→ **EXERCISE**
Output only the lines that run from the line holding "連舒暢在征兵啟動儀式上再次敬軍禮。受訪者供圖" to the end of the entries, both ends included, and skip the pictures.

Data entries:
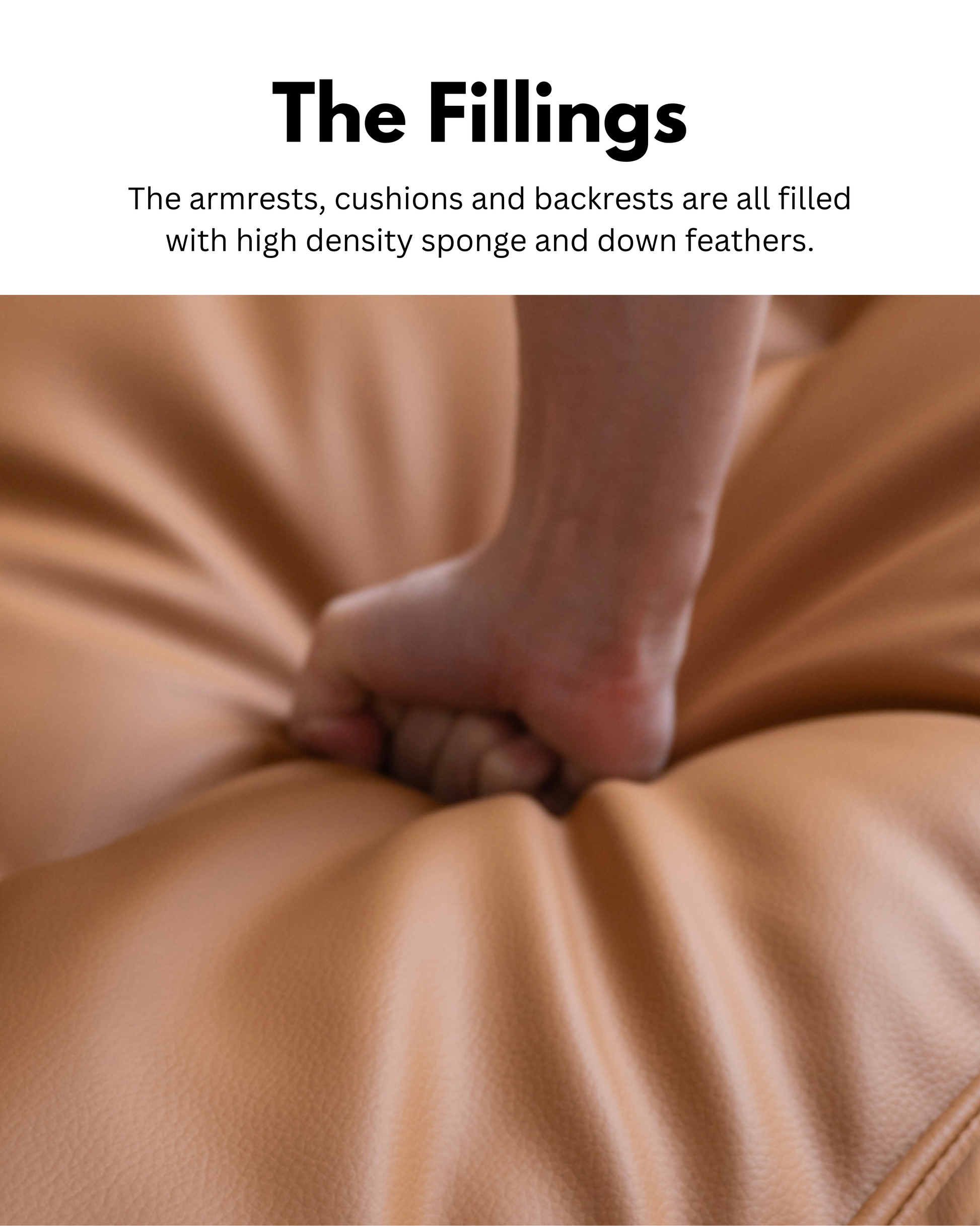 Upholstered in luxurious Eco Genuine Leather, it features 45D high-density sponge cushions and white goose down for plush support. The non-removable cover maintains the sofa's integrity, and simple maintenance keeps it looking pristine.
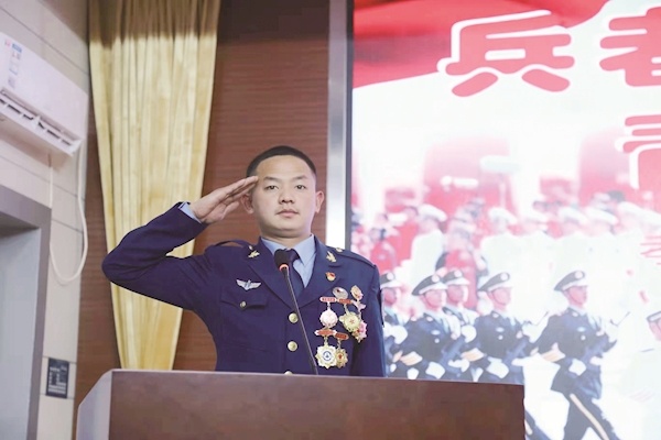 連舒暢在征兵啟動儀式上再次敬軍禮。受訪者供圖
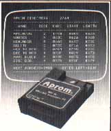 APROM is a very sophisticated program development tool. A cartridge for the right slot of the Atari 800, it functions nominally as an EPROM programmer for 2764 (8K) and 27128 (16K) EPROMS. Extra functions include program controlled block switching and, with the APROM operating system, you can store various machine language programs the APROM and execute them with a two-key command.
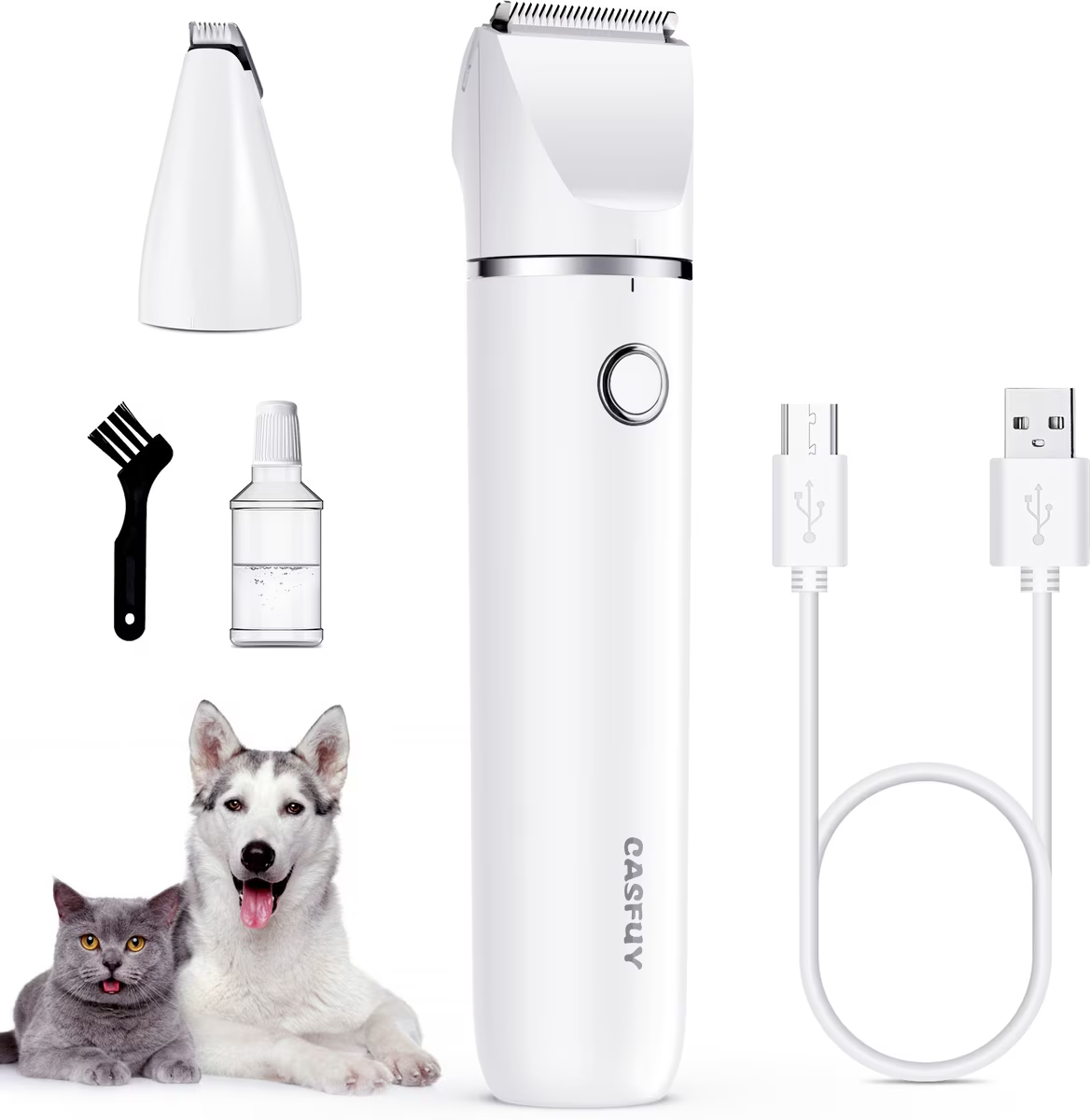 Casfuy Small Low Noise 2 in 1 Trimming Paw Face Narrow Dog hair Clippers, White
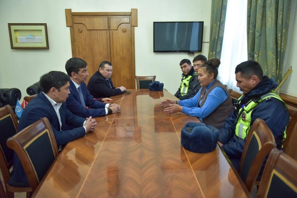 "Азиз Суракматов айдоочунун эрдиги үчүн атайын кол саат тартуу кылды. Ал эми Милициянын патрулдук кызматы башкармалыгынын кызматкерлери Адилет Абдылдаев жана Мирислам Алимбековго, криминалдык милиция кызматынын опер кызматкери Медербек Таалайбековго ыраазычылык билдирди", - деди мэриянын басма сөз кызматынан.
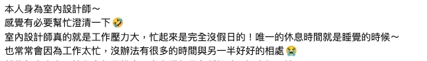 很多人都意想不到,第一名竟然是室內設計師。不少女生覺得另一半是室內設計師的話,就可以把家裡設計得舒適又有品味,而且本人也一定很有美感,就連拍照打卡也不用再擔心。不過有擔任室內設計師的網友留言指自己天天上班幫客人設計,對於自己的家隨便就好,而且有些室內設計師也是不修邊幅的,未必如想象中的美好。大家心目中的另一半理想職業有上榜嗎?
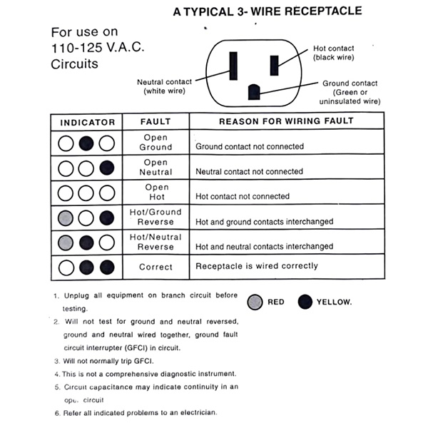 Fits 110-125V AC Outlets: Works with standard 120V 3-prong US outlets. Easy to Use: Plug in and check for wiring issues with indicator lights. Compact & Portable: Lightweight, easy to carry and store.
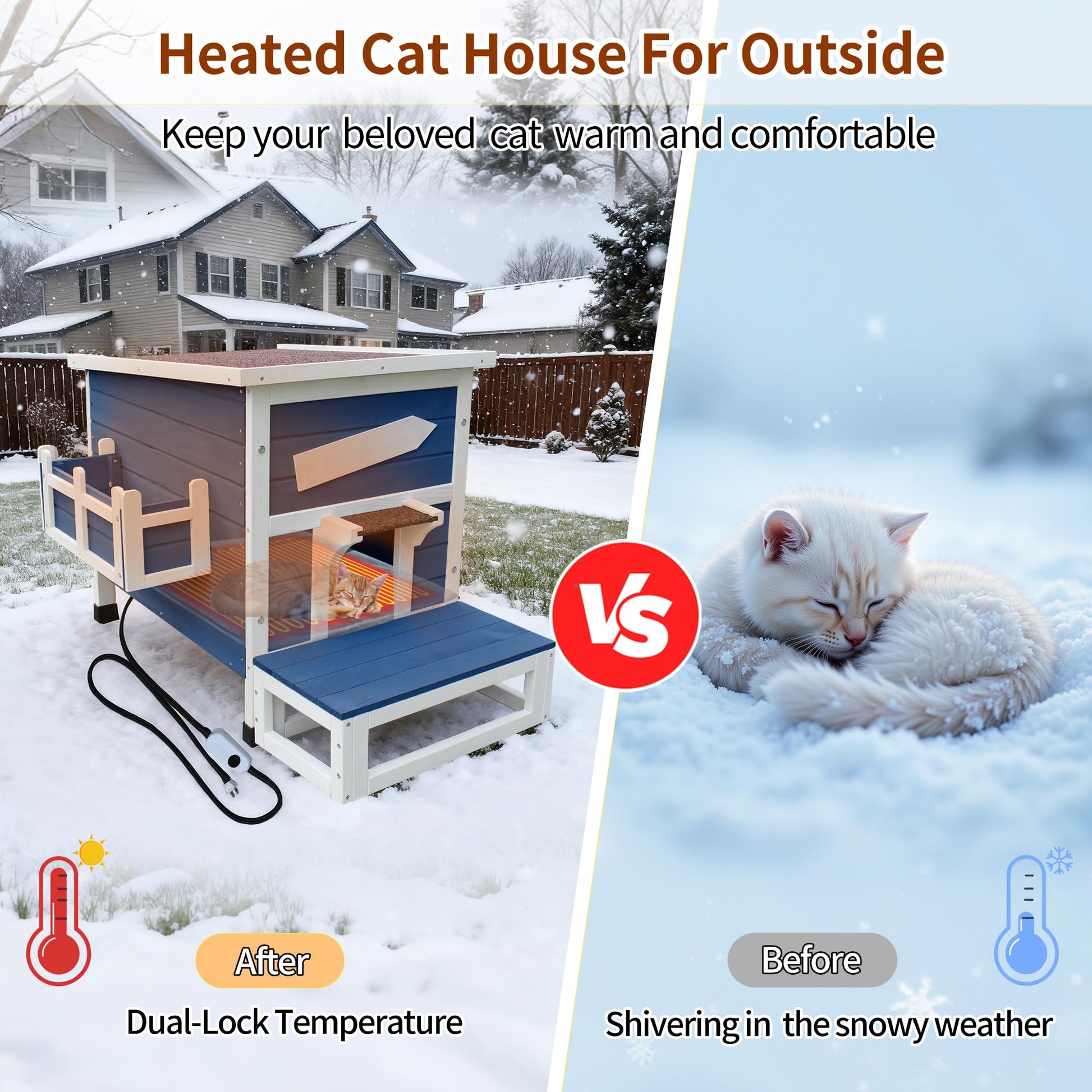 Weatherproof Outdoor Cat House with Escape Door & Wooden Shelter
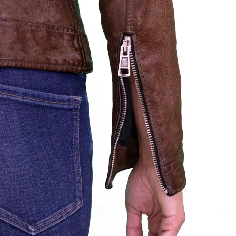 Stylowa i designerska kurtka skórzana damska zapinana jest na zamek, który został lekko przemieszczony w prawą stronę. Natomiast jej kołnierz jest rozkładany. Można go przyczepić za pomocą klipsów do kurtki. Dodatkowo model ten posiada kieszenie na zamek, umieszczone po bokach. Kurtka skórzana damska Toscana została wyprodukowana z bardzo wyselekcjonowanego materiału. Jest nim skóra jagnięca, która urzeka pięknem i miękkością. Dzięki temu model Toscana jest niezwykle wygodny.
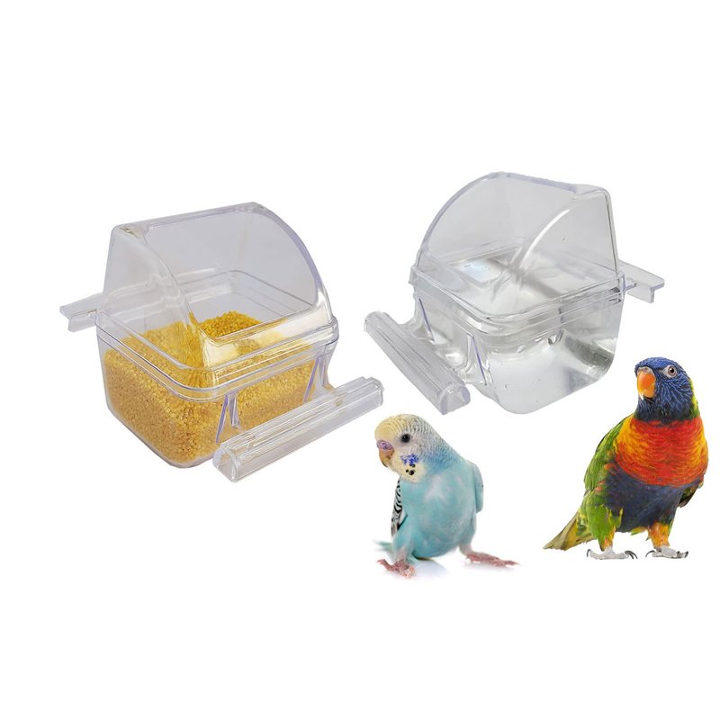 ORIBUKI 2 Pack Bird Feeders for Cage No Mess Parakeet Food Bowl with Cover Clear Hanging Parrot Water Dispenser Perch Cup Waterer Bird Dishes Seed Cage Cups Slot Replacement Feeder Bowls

→ **FINISHED EXERCISE**
 連舒暢在征兵啟動儀式上再次敬軍禮。受訪者供圖
 APROM is a very sophisticated program development tool. A cartridge for the right slot of the Atari 800, it functions nominally as an EPROM programmer for 2764 (8K) and 27128 (16K) EPROMS. Extra functions include program controlled block switching and, with the APROM operating system, you can store various machine language programs the APROM and execute them with a two-key command.
 Casfuy Small Low Noise 2 in 1 Trimming Paw Face Narrow Dog hair Clippers, White
 "Азиз Суракматов айдоочунун эрдиги үчүн атайын кол саат тартуу кылды. Ал эми Милициянын патрулдук кызматы башкармалыгынын кызматкерлери Адилет Абдылдаев жана Мирислам Алимбековго, криминалдык милиция кызматынын опер кызматкери Медербек Таалайбековго ыраазычылык билдирди", - деди мэриянын басма сөз кызматынан.
 很多人都意想不到,第一名竟然是室內設計師。不少女生覺得另一半是室內設計師的話,就可以把家裡設計得舒適又有品味,而且本人也一定很有美感,就連拍照打卡也不用再擔心。不過有擔任室內設計師的網友留言指自己天天上班幫客人設計,對於自己的家隨便就好,而且有些室內設計師也是不修邊幅的,未必如想象中的美好。大家心目中的另一半理想職業有上榜嗎?
 Fits 110-125V AC Outlets: Works with standard 120V 3-prong US outlets. Easy to Use: Plug in and check for wiring issues with indicator lights. Compact & Portable: Lightweight, easy to carry and store.
 Weatherproof Outdoor Cat House with Escape Door & Wooden Shelter
 Stylowa i designerska kurtka skórzana damska zapinana jest na zamek, który został lekko przemieszczony w prawą stronę. Natomiast jej kołnierz jest rozkładany. Można go przyczepić za pomocą klipsów do kurtki. Dodatkowo model ten posiada kieszenie na zamek, umieszczone po bokach. Kurtka skórzana damska Toscana została wyprodukowana z bardzo wyselekcjonowanego materiału. Jest nim skóra jagnięca, która urzeka pięknem i miękkością. Dzięki temu model Toscana jest niezwykle wygodny.
 ORIBUKI 2 Pack Bird Feeders for Cage No Mess Parakeet Food Bowl with Cover Clear Hanging Parrot Water Dispenser Perch Cup Waterer Bird Dishes Seed Cage Cups Slot Replacement Feeder Bowls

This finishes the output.